A diagram showing the high level mechanics of the decision maker prefix scheduler is shown in FIG. 6. As illustrated in FIG. 6, two threads essentially drive the operation of the scheduler. The first thread polls the database for changes in terms of per-SPAL performance, load, or coverage, and decides on which prefix updates to insert in a Priority Queue that holds prefix update requests. The second thread takes items out of the queue in a rate-controlled fashion, and converts the corresponding update requests into an appropriate set of UPDATEs that it sends to the local routers, and an appropriate set of UPDATEs that it sends to the back channel for communication to other Routing Intelligence Units.


In the following, we describe each thread separately. In the description, we will refer to tables in the database, and to fields within these tables. The contents of this database are also explicated in U.S. Provisional Applications No. 60/241,450, filed Oct. 17, 2000 and U.S. Provisional Application No. 60/275,206, filed Mar. 12, 2001, and U.S. applications Ser. No. 09/903,441, filed Jul. 10, 2001, U.S. application Ser. No. 09/923,924, filed Aug. 6, 2001, and U.S. application Ser. No. 09/903,423, filed Jul. 10, 2001, which are hereby incorporated by reference in their entirety.


Thread 1


This first thread 600 polls the database for changes in terms of per-SPAL performance, load, or coverage, and decides on which prefix updates to insert in a Priority Queue that holds prefix update requests.

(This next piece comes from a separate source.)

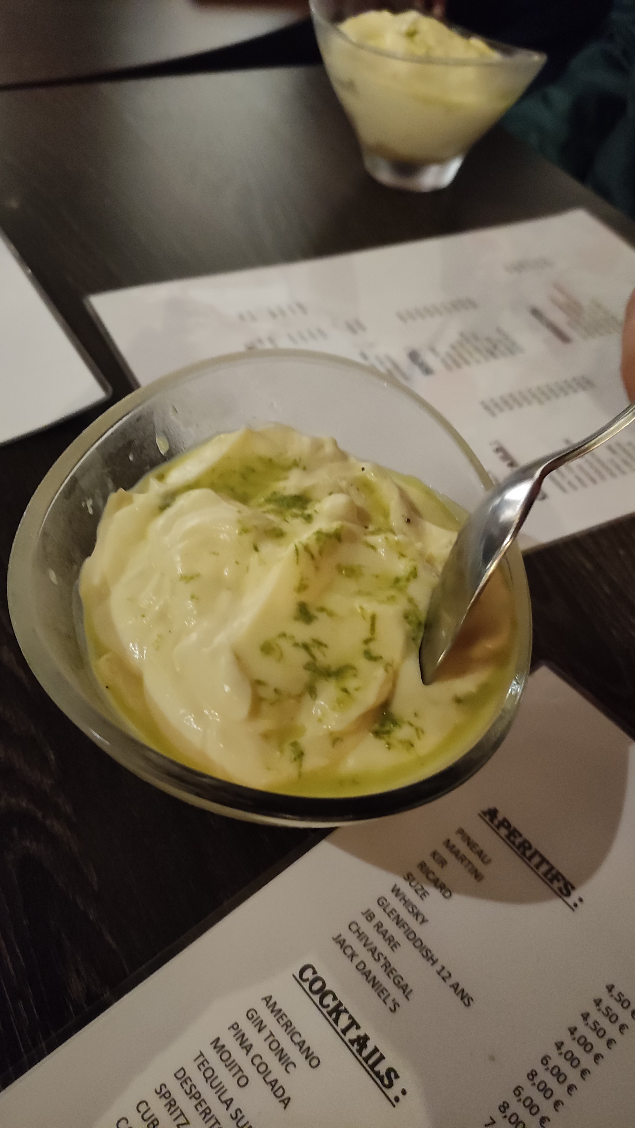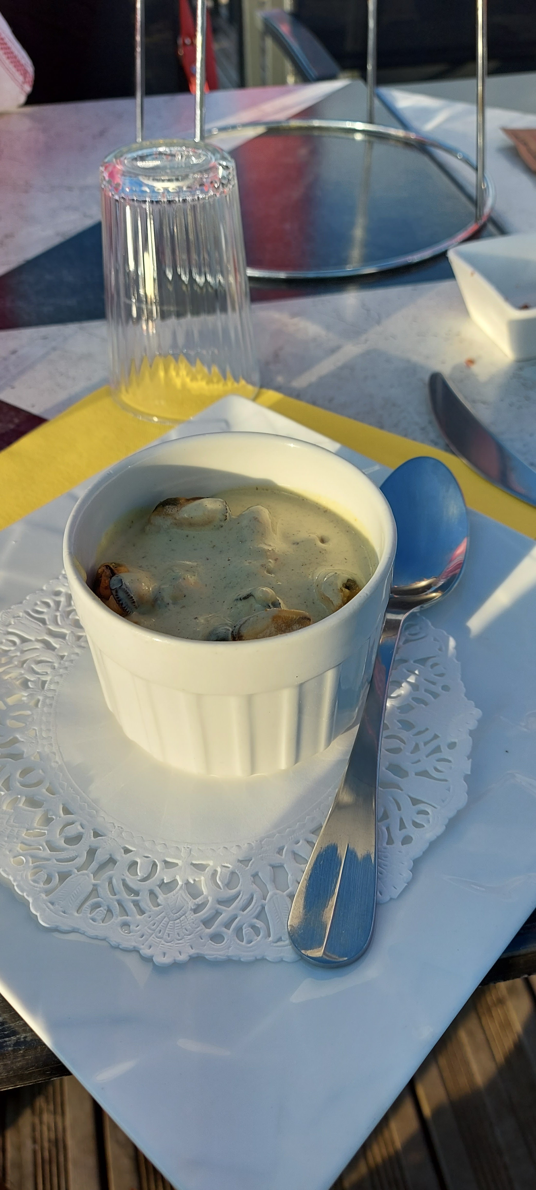 Lieu agréable en terrasse. Personnel très gentil. Verres et couverts avec beaucoup de traces de calcaire ( il faudrait les essuyer après lavage). Les moules à la crème étaient tièdes (on m'a proposé de les réchauffer !!!) Le crumble à l'abricot très mou. Déçue par la qualité avec un prix élevé.

In some embodiments of the invention, such changes are checked for in 2 passes. The first pass looks for group level changes, wherein a group comprises an arbitrary collection of prefixes. Groups are also described in U.S. Provisional Applications No. 60/241,450, filed Oct. 17, 2000 and U.S. Provisional Application No. 60/275,206, filed Mar. 12, 2001, and U.S. applications Ser. No. 09/903,441, filed Jul. 10, 2001, U.S. application Ser. No. 09/923,924, filed Aug. 6, 2001, and U.S. application Ser. No. 09/903,423, filed Jul. 10, 2001, which are hereby incorporated by reference in their entirety. In case a significant change in performance for a group is noticed, the group is unpacked into its individual prefixes; the corresponding prefixes are checked and considered for insertion in the priority queue. The second pass captures prefixes for which there are no group-level performance changes.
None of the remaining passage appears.